Un intervenant qui peut paraître iconoclaste au sein d’une école de gestion qui avait pris soin d’étendre les invitations à l’ensemble de Nancy 2. Mais justement parce que les sciences de gestion ne veulent pas être réduites à la caricature du cost-killer costume trois-pièces, et qu’elles s’inscrivent de surcroît dans un cursus universitaire, Marcel Gauchet a fait un tabac devant un parterre de 250 auditeurs, profs et étudiants.
Deux exigences
« Peut-être fallait-il une réforme, les ambitions étaient aussi peut-être bonnes et en tout cas largement insuffisantes, la méthode a été très mauvaise, un calendrier précipité, une philosophie sous-jacente qui consiste à faire sans le dire, la LRU, c’est en fait un cadre à l’intérieur duquel émergent les universités du haut du tableau, principalement scientifiques, pour les faire sortir du pot commun, des regroupements ont été conduits dans des conditions opaques », analyse Marcel Gauchet, qui a rejoint le collectif « Refonder l’université ».
Si le chercheur ne conteste pas que « l’université, productrice de connaissances est confrontée à un marché mondial », cette contrainte n’empêche nullement à ses yeux de réfléchir à « ce que veut l’université ». Marcel Gauchet s’intéresse à « cette tension entre deux phénomènes que sont la massification, qui répond à une demande sociale, et l’excellence, les deux forment un arc électrique qui exige qu’on y prête attention, ça ne marche pas tout seul. Il faut à la fois une prise de conscience collective de ce qu’on veut et la nécessité de répondre à ces deux exigences ».

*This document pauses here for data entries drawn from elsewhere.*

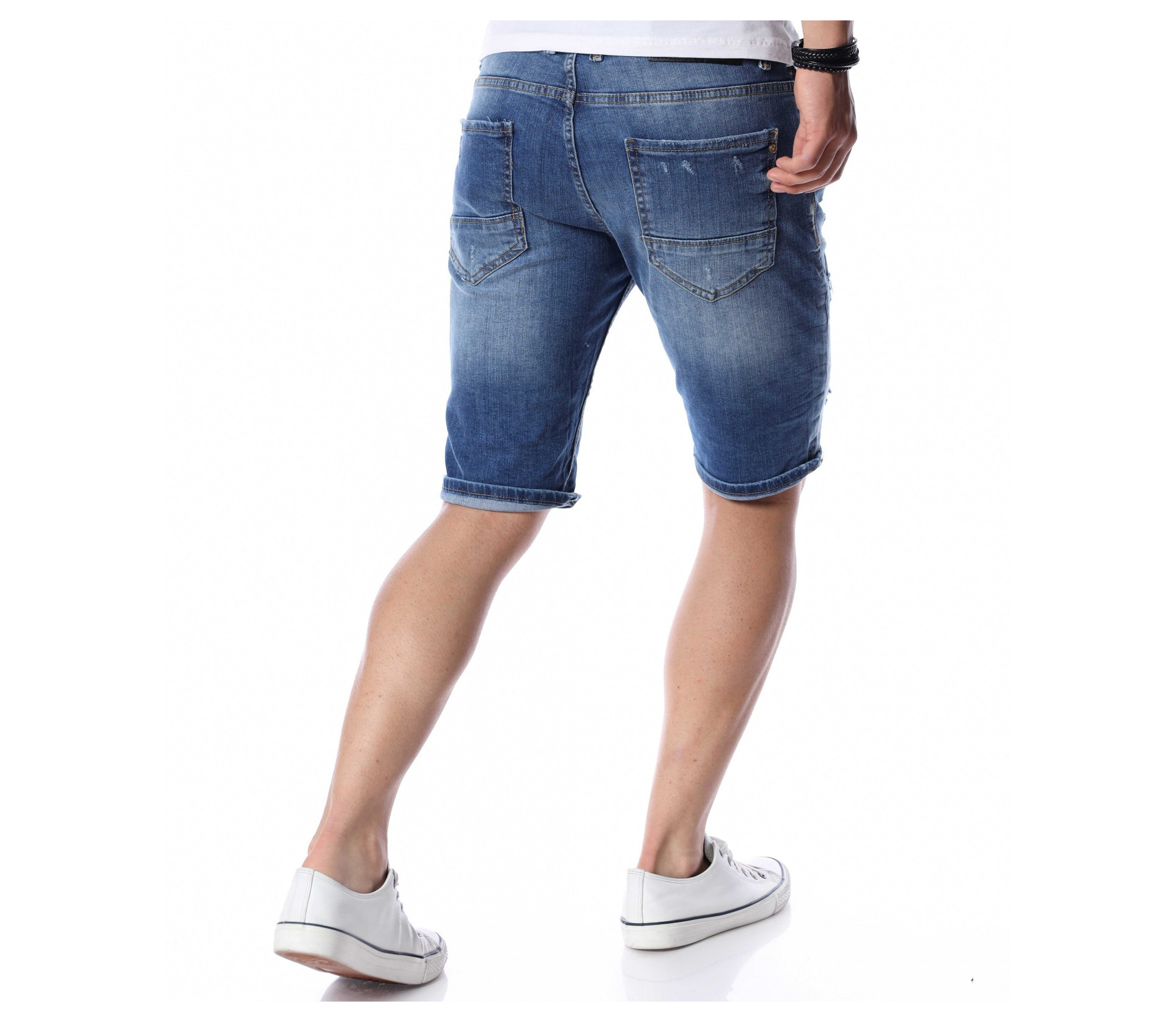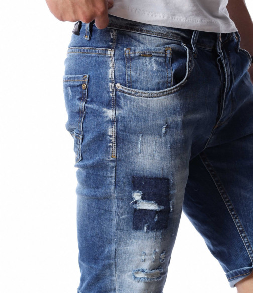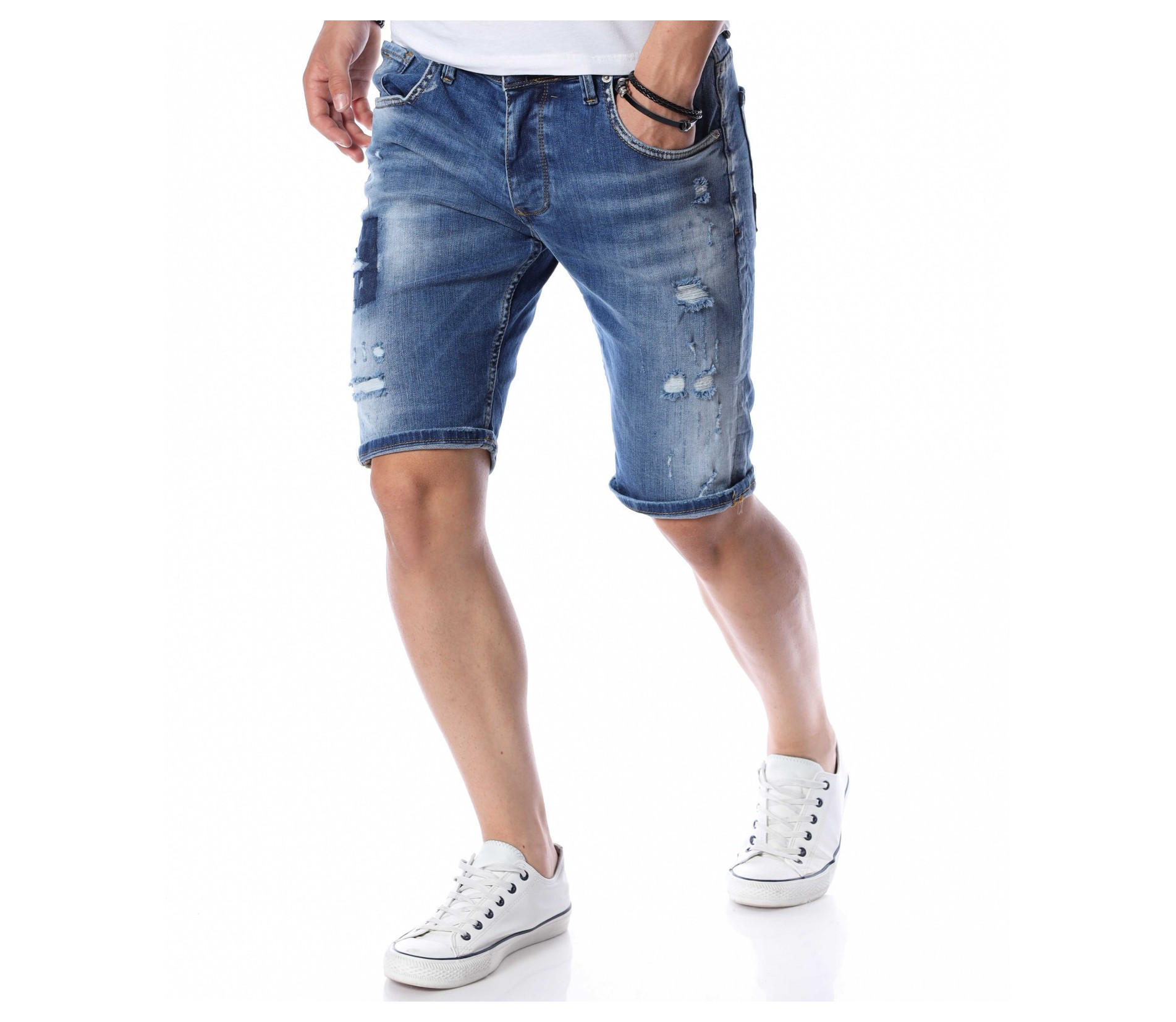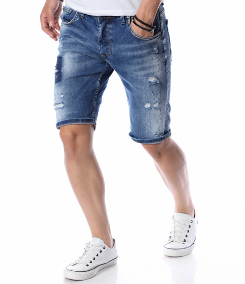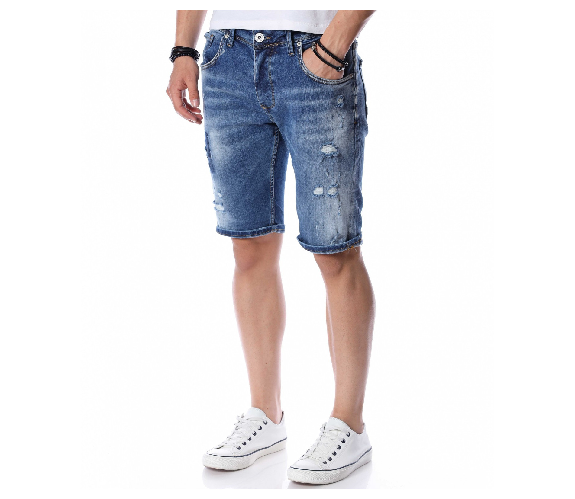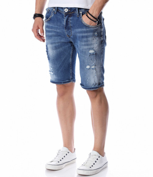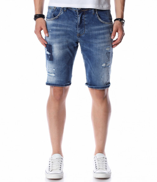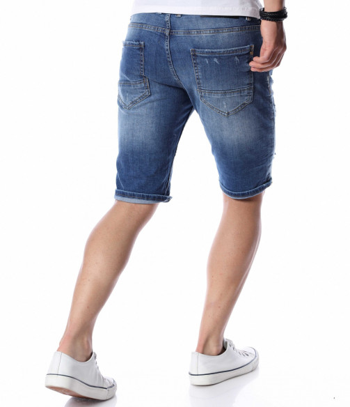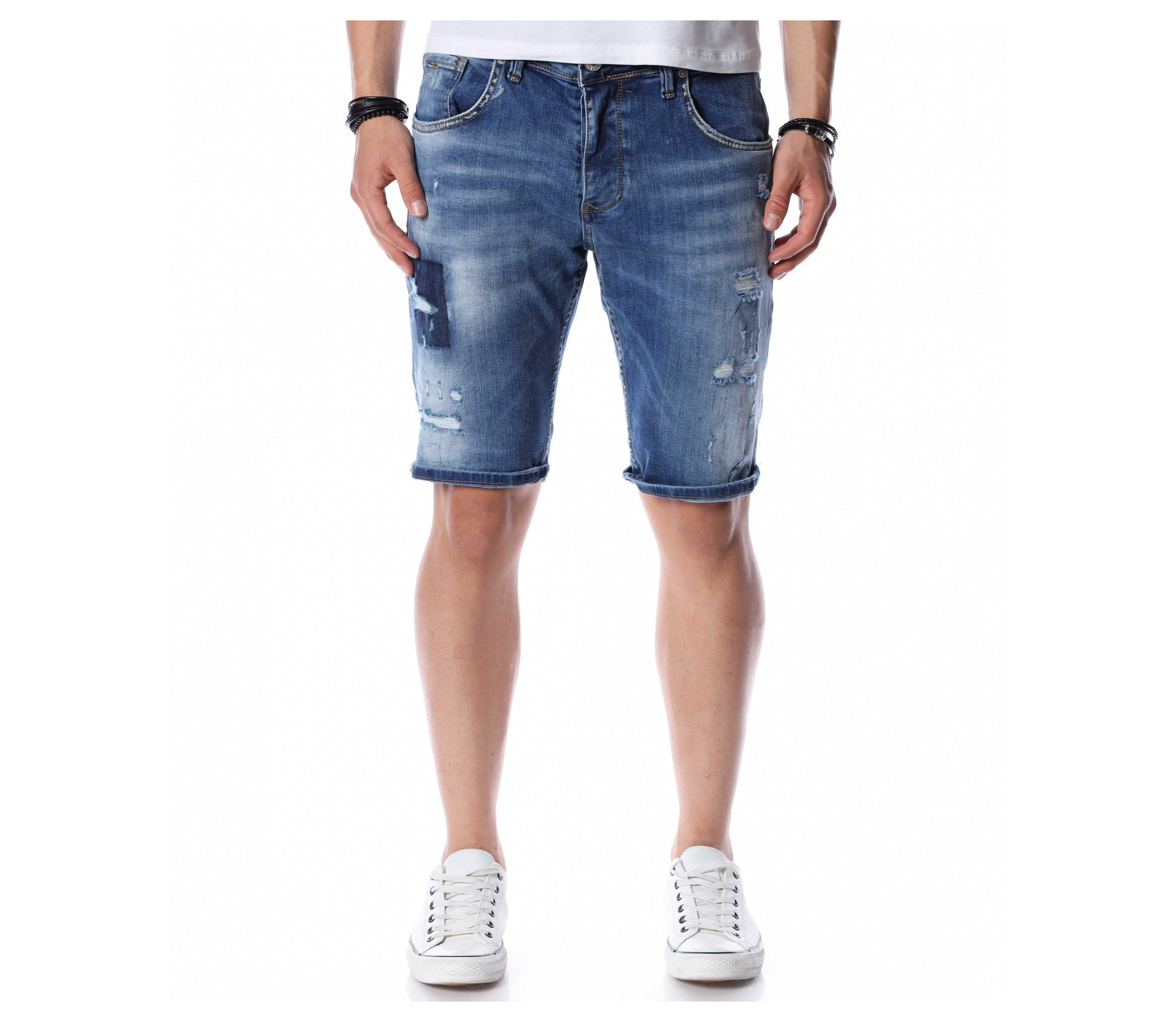 ОПИСАНИЕ НА ПРОДУКТА: С наближаването на топлия сезон е време да заредите гардероба с подходящите дрехи. Представяме Ви един модел супер актуални къси дънки, ефектно намачкани по цялата дължина. В областта на коляното денимът е с възможност за навиване, с което Ви дава разнообразие при носенето му. В предната част са поставени леко накъсани елементи, които внасят street излъчване в стайлинга на дънките, като небрежно Ви отнасят към топ визията за сезона. По цялата дължина са поставени по светли кантове, които контрастират на класическия син цвят и Ви гарантира оригинално излъчване. В предната и задната част са поставени по два дълбоки джоба, осигуряващи Ви комфорт. Дължината на късите мъжки дънки е над коляното, а дълбочината е стандартна. Смело експериментирайте, като съчетавате късите джинси с щури тениски или ризи, модерни обувки и любимите аксесоари.
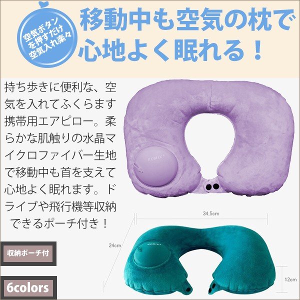 枕 空気 エア ピロー 快適 睡眠 携帯枕 タオル生地 エアピロー 旅行用品 カー用品 車 出張 ドライブ トラベル 持ち運び リラックス 収納ポーチ
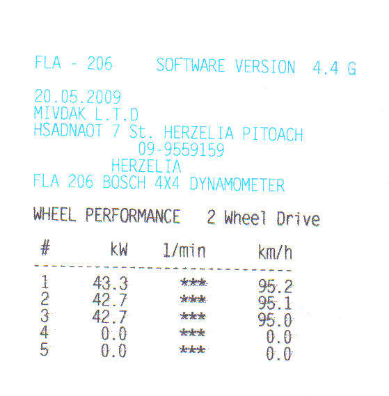 2. לגבי ההספק של המנוע, לא קצת חלש? שאלתי את הבוחן והוא אמר שזו תוצאה טובה מאוד יחסית למהירות בעת הבדיקה, האם כך הדבר? ( 95.2 קמ"ש יצא 43.4 KW שזה 58.07 כ"ס, הייתכן? ).
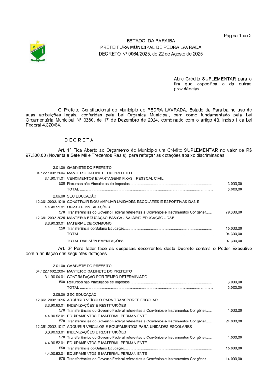 DECRETO N° 0064/2025 - ABRE CRÉDITO SUPLEMENTAR PARA O FIM QUE ESPECIFICA
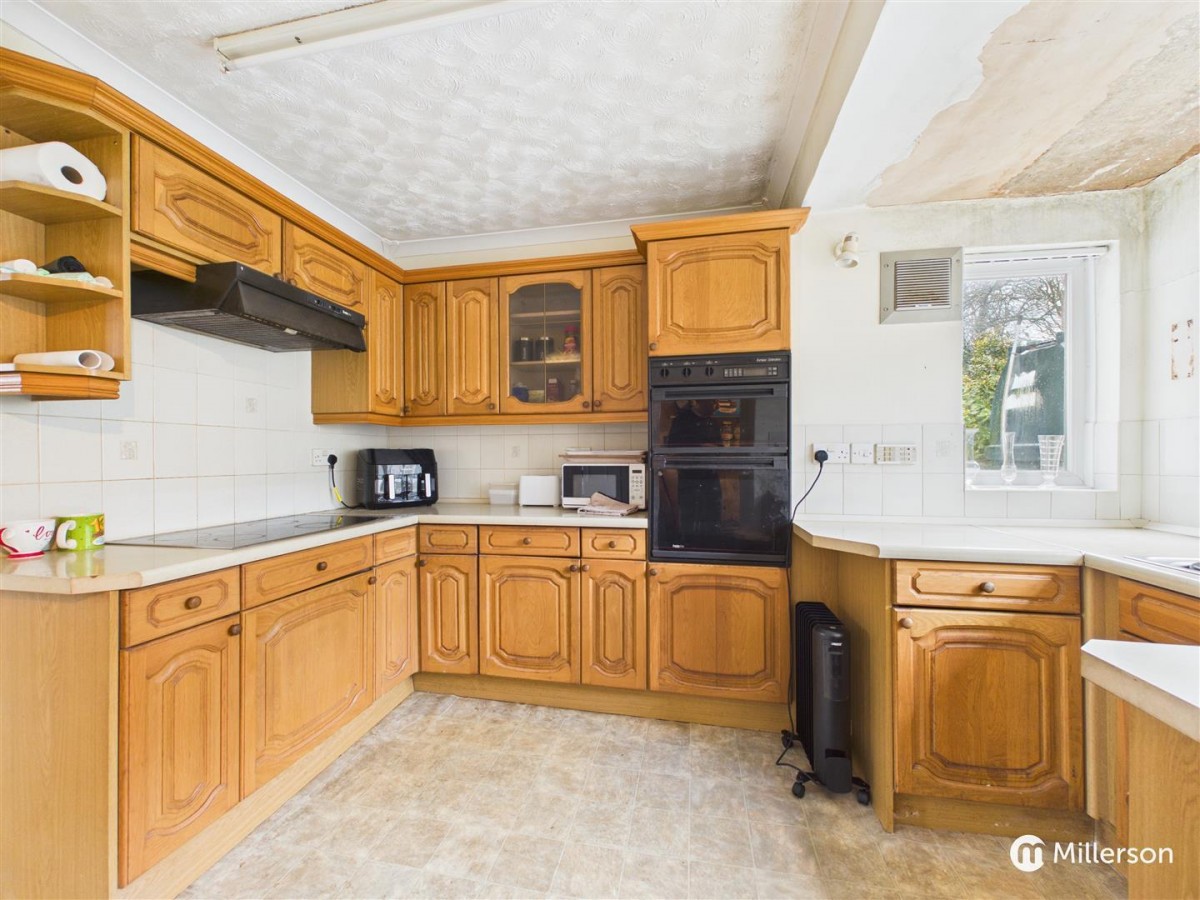 Lino Flooring. A range of floor standing and wall mounted cupboard and drawer units with polished stone effect Work surfaces over. Inset four ring halogen hob. Space for built-in oven. 1 1/2 bowl stainless steel sink unit with drainer board and mixer tap over. UPVC double glazed window to side elevation. Doors opening to both boiler room and utility room.

« Le marché noir des formations »
Pour Marcel Gauchet, il n’y a pas « d’antagonisme entre formation professionnelle et formation d’une tête bien faite », une façon de clore, espère-t-il, le débat qui continue d’agiter l’université entre les tenants par exemple d’un développement des licences professionnelles et des tenants d’une transmission traditionnelle du savoir. Le problème tient à « l’université qui réfléchit sur tout sauf sur elle-même ».
L’auteur du « Désenchantement du monde » ne désespère pas pour autant. Il appelle à « une remise à plat » de l’université et plus largement de l’éducation, à « plus de transparence », il dénonce « le marché noir des formations » qui profite aux « seuls initiés du haut ». « Un gâchis phénoménal ».